Bug 15060 - network in virtualbox is horribly slow (NAT)
Summary: network in virtualbox is horribly slow (NAT)
Status: RESOLVED FIXED
Alias: None
Product: Mageia
Classification: Unclassified
Component: RPM Packages (show other bugs)
Version: 5
Hardware: i586 Linux
Priority: High critical
Target Milestone: ---
Assignee: Thomas Backlund
QA Contact:
URL: https://www.virtualbox.org/ticket/15295
Whiteboard: FOR_ERRATA MGA5TOO
Keywords: UPSTREAM
Depends on: 18944
Blocks:
  Show dependency treegraph
 
Reported: 2015-01-16 15:09 CET by David Walser
Modified: 2020-08-26 08:47 CEST (History)
7 users (show)

See Also:
Source RPM: kernel, virtualbox
CVE:
Status comment:


Attachments

Description David Walser 2015-01-16 15:09:53 CET
Originally noticed in pre-release Mageia 4 testing, the issue is still present.  I could not find a bug report for it from back then.  Mageia 3 and previous releases did not exhibit this problem.

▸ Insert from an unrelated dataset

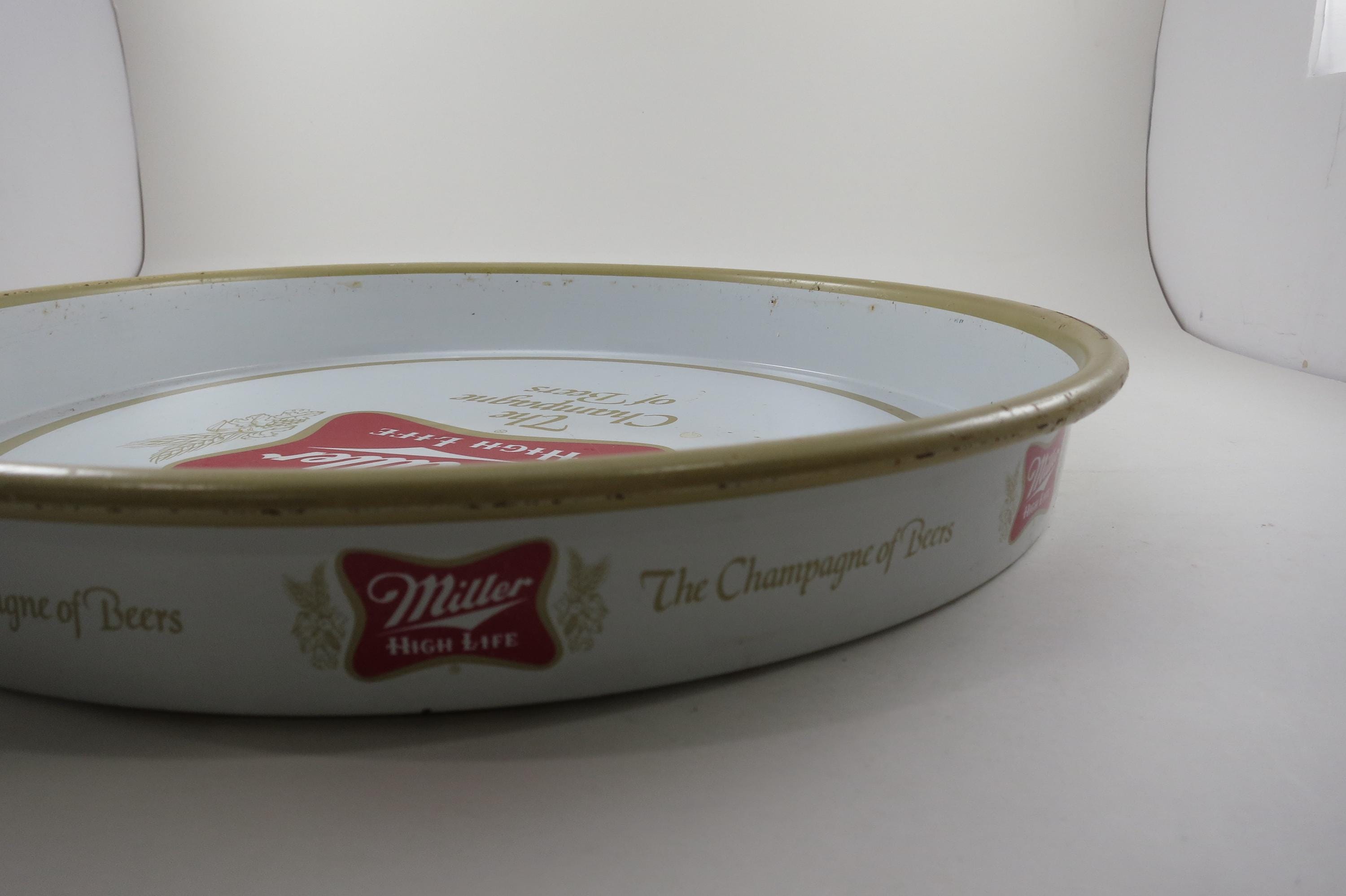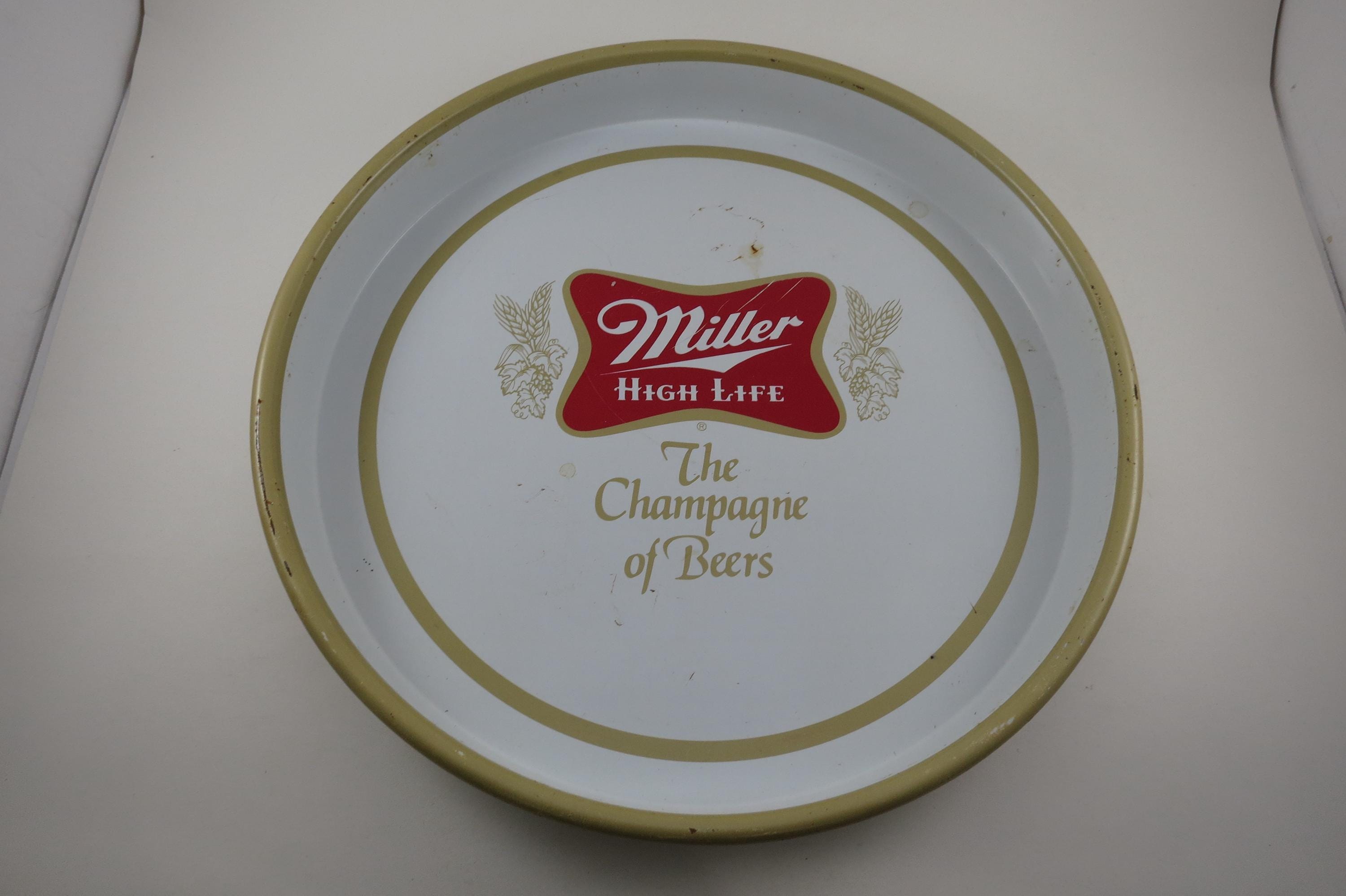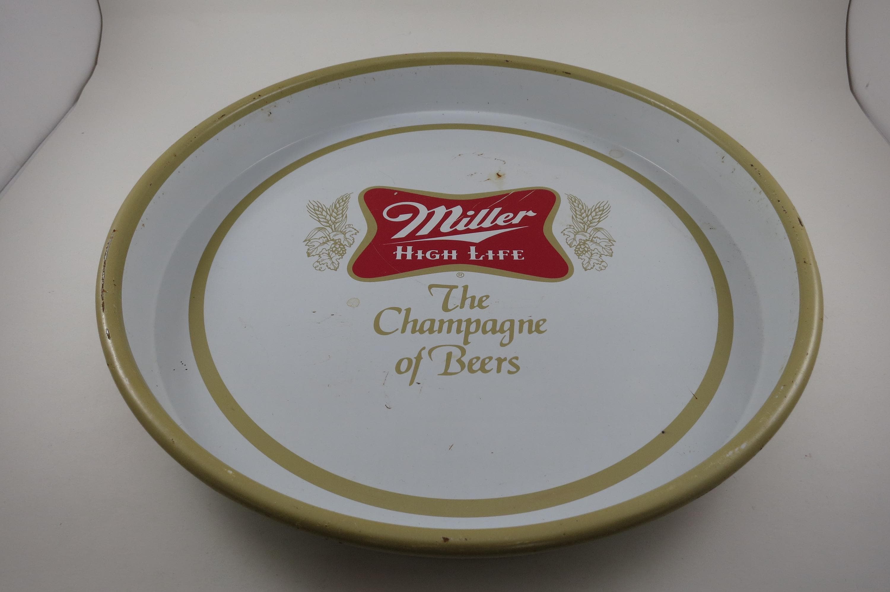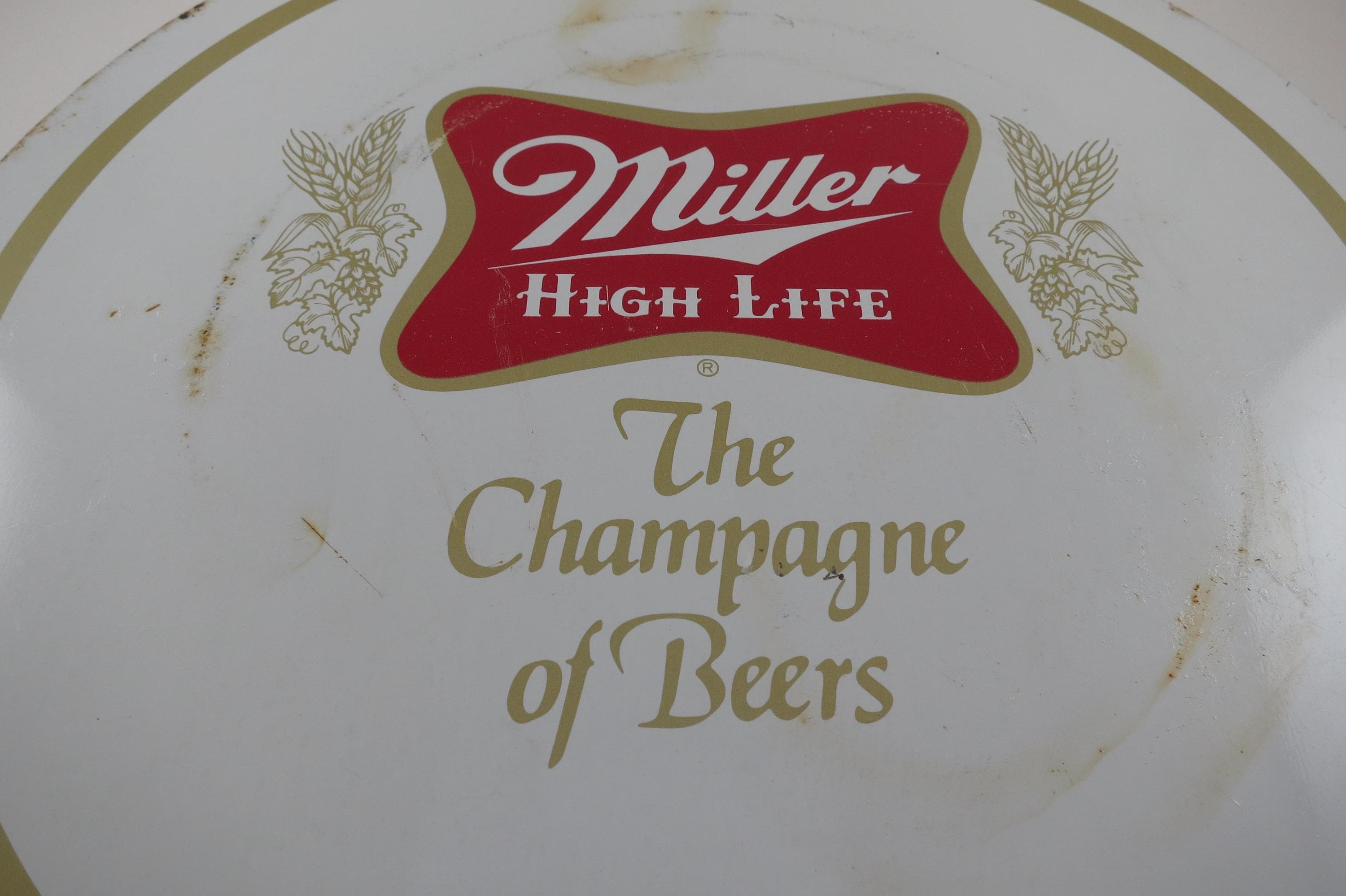 Vintage 13 Inch Miller High Life The Champagne of Beers Round Metal Tray.

With a local Cauldron mirror (or Mageia 4 mirror) on a host machine running Virtualbox, booting a VM with boot.iso to bootstrap the installer, you can first see the slowness when stage1 downloads stage2.  Then in stage2 as it tries to retrieve hdlists or packages, it is very slow.  You can see in one of the virtual consoles curl downloading them very slowly (speed hovering around 30000).

Reproducible: 

Steps to Reproduce:
Comment 1 Manuel Hiebel 2015-01-20 21:49:25 CET
well it's the same with an installed mga5 vm since some months :/
bridge is working well, I use it as workaround
Comment 2 Manuel Hiebel 2015-01-20 21:54:21 CET
I forget, issue should be only with nat mode
Comment 3 David Walser 2015-01-20 22:27:23 CET
Indeed I am using NAT mode.
Comment 4 David Walser 2015-01-26 01:08:29 CET
OK, in Cauldron just installing updates I am also seeing similar slowness now as curl downloads packages.  I just tested loading the Mageia 3 installer through boot.iso and stage2 loads quickly as it did in the past.  So, this isn't simply a virtualbox issue, some package (maybe the kernel) that's newer in Mageia 4 and Cauldron is causing the problem.

CC: (none) => tmb

Comment 5 David Walser 2015-01-30 23:29:22 CET
I've also confirmed the problem in installed systems in Mageia 4 and Cauldron.  Mageia 3 works fine and can download a 160MB hdlist file in a couple seconds.  Mageia 4 and Cauldron estimate they'll take 1-2 hours.  It's not specific to curl either.

Severity: normal => critical

Comment 6 David Walser 2015-01-31 23:30:01 CET
I installed the Mageia 3 kernel on the Mageia 4 VM, and downloads are fast like they were on the Mageia 3 VM.  I feel a bisection coming on...

Assignee: ennael1 => tmb
CC: (none) => ennael1
Source RPM: drakx-installer-images-2.15-6.mga5.src.rpm => kernel

Comment 7 David Walser 2015-02-01 02:36:06 CET
Testing various kernel versions, I've found that 3.18 in Cauldron is the worst, as download speeds are consistently awful.  With 3.14 and 3.12 from Mageia 4, as well as 3.11.4 built from the kernel package revision 490924, it's inconsistent.  It usually starts very slow, but then has some periods of going fast.  Sometimes it'll start slow and then zip to the finish, and sometimes it will vary back and forth between fast and slow.  So there's probably a couple of points in the development that contributed to the degraded performance, but the first happened between 3.10 and 3.11, so that's the place to start.
Manuel Hiebel 2015-02-01 16:19:16 CET

Summary: downloading with curl in the installer in virtualbox is horribly slow (stage1 and stage2) => network in virtualbox is horribly slow (NAT)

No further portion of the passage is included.